After going into thirty three hours of labour on two hours sleep, my daughter was delivered by caesarean. I fell asleep as I was being stitched up. The midwives wasted no time. I woke with a start, in recovery to find my baby attached to my left breast. It was so important to these midwives that my baby attached ‘immediatley’ that they didn’t even do me the courtesy of allowing me to wake up before making this most intimate of introductions.

The focus on the holy grail of establishing breastfeeding in the maternity hospital was so strong that I sat up for three hours at a time thinking I was feeding my baby, when she was comfort sucking for most of that time. It left me exhausted and my back a wall of pain from sitting in the ‘feeding chair’.

Now, if that were the worst of it, I would have probably gullibly pushed through all further discomfort to establish and continue breastfeeding. Had I succeeded, I would have probably felt proud of myself. And after being told time and time again children who are breastfeed are healthier, smarter, more empathetic, and more likely to poop rainbows, I may even have been arrogant enough  to attribute all of my daughter’s future, health, smarts, and empathy to my valiant efforts to persist with breastfeeding. (She has yet to poop out a rainbow – but I can live with that.)

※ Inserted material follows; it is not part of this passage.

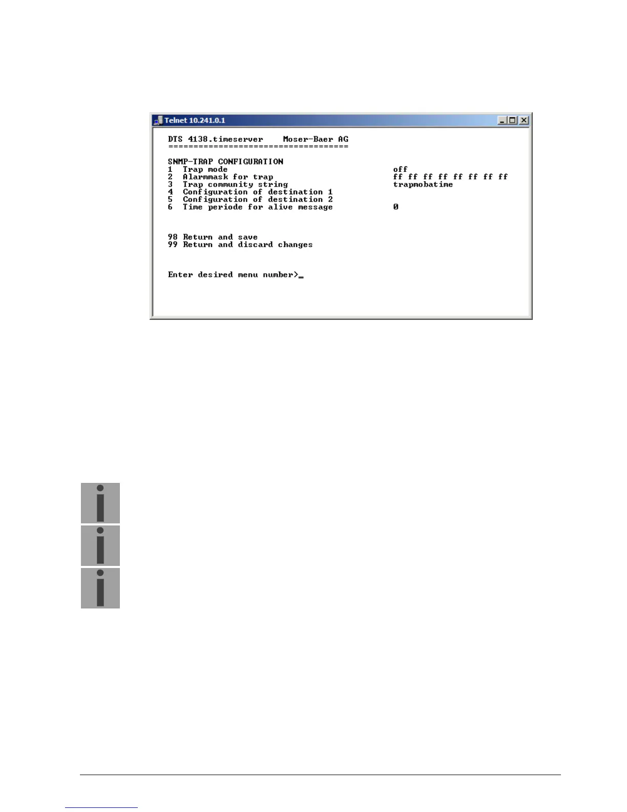 General settings for SNMP can be found in menu ’2. Configuration’

But within a week of her birth, whether or not I breastfed was injected with some desperately needed perspective. She was at home with her father, contentedly guzzling formula while I was tipping my breastmilk, tainted with antipsychotics, down the sink in the Special Care Unit of a private psychiatric hospital. I had come down with postnatal psychosis and I was clinging to my life with my fingernails.

To my credit, I quickly forgave myself for ceasing my ‘breastfeeding journey’ 7 days into motherhood. And I didn’t look back. I had been too sick to ever be riddled with the guilt I saw in other mothers who had been less unwell but had also made the smart choice (for them) to stop.

But we shouldn’t need extreme circumstances to justify feeding our baby formula to anyone. Breastfeeding is a personal choice. Nothing more. Nothing less. But our society has turned it into a religion. And it’s opt out not opt in.  We are all automatically given anti formula education classes antenatally and then baptised in breastfeeding once the baby is born.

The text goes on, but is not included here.